# Blemished batteries



## Pooch (Jun 16, 2014)

Hey guys figured I would post this after a conversation I had today. There is a battery factory over in new castle, pa where I buy my deep cycle, actually all my batteries. I usually pay around half of retail. Last year I purchased 2 group 31 batteries for about $100. They are case blemished. It used to be called new castle battery buts I think it's called axiom now. Sometimes they have a lot sometimes a few. But stock is always changing. I live in Youngstown and its only a short drive. So if your in the area it's worth checking into. My father took me there twenty years ago when I needed my first deep cycles.


----------



## Snakecharmer (Apr 9, 2008)

Thanks! I'll have to remember that when I replace my starter battery. Do they take the old core?


----------



## bulafisherman (Apr 11, 2004)

I use the blems to, once in a great while you will get one that doesn't last as long as a new one but all in all its been worth the savings, iam using a deep cycle interstate one for 3 years now, got it for 35 dollars I believe, snakecharmer there is an interstate distributor up in Mentor that I go to for mine, right off of Tyler, I get my starter and deep cycle from them.

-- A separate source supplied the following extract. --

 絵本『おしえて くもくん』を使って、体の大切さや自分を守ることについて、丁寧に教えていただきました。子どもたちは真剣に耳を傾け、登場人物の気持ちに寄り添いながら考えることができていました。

Sent from my ADR6300 using Ohub Campfire mobile app


----------



## TomC (Aug 14, 2007)

man, 100 bucks for two group 31 batteries? I'll take two of those right now! Im not sure where new castle is thou.


----------



## Pooch (Jun 16, 2014)

Just checked the name, Axion Power International. 3601 Clover Ln. New Castle,PA 16105. If anyone wanted to mapquest.


----------



## JC heir (Dec 6, 2013)

Pooch said:


> Just checked the name, Axion Power International. 3601 Clover Ln. New Castle,PA 16105. If anyone wanted to mapquest.

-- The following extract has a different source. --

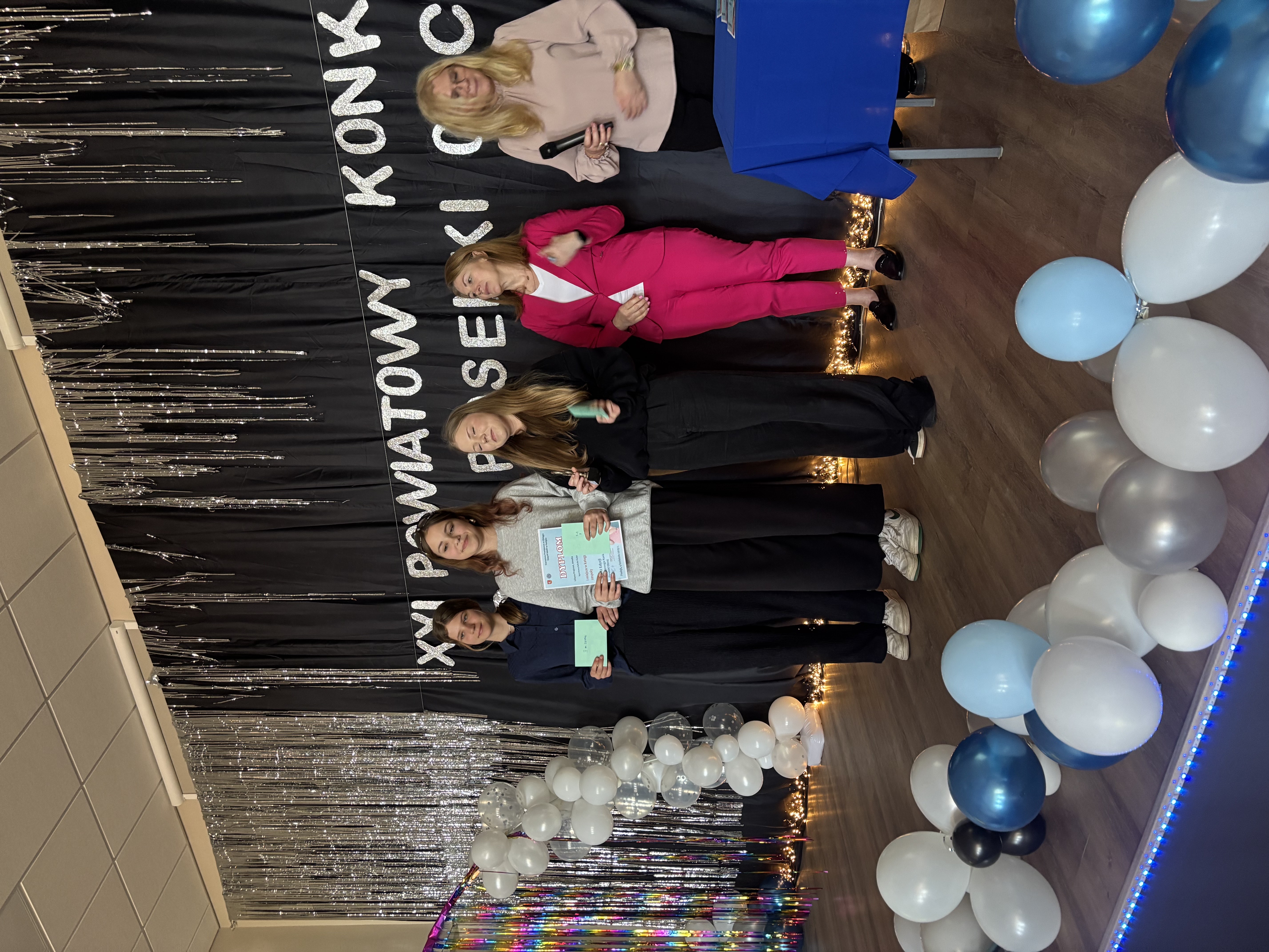 4 kwietnia 2025 roku aula Zespołu Szkół w Pasłęku po raz kolejny wypełniła się muzyką. Wszystko za sprawą XXI edycji Powiatowego Konkursu Piosenki Obcej– wydarzenia, które od lat gromadzi młodych pasjonatów śpiewania z regionu. Muzyczną rywalizację poprowadzili Weronika Czebanik i Jakub Soroka, a uroczystego otwarcia konkursu dokonała dyrektor Zespołu Szkół w Pasłęku– pani Joanna Majewska. Konkurs, jak co roku, odbył się pod honorowym patronatem starosty elbląskiego, pana Macieja Romanowskiego. Nagrody zostały ufundowane przez Starostwo Powiatowe w Elblągu oraz Radę Rodziców Zespołu Szkół w Pasłęku. Jury w składzie:– pani Justyna Kowalczyk – przewodnicząca jury, przedstawicielka Starostwa Powiatowego w Elblągu,– pani Anna Cernuto – muzykolog i anglistka,– pani Iwona Jachimek – nauczycielka muzyki oraz sztuki, miało niełatwe zadanie. Do konkursu przystąpili uczniowie ze szkół z Elbląga, Pasłęka, Młynar, Rogajn, Milejewa i Gronowa Górnego. Uczestnicy wystąpili w trzech kategoriach: soliści ze szkół podstawowych, soliści ze szkół ponadpodstawowych oraz zespoły. Nie zabrakło także możliwości przyznania wyjątkowej Nagrody Publiczności.

I called them....wrong place. Its now called Dubois battery, and they don't have any blems. new dc31=138.00 phone 724 674 2604


----------



## Pooch (Jun 16, 2014)

Hope that's not always the case. Been going there for twenty years. They have a service area/ shop there. You used to be able to walk in and the batteries would be on pallets in the back. That sucks if they don't sell the blems anymore. I'll have to take a ride over next week and talk with them.


----------



## JC heir (Dec 6, 2013)

The way the guy talked, the deep cycle batts aren't manufactured there anymore, but brought in from another plant.....hence, no blems. in fact t inemthey had tho make sure stock.


----------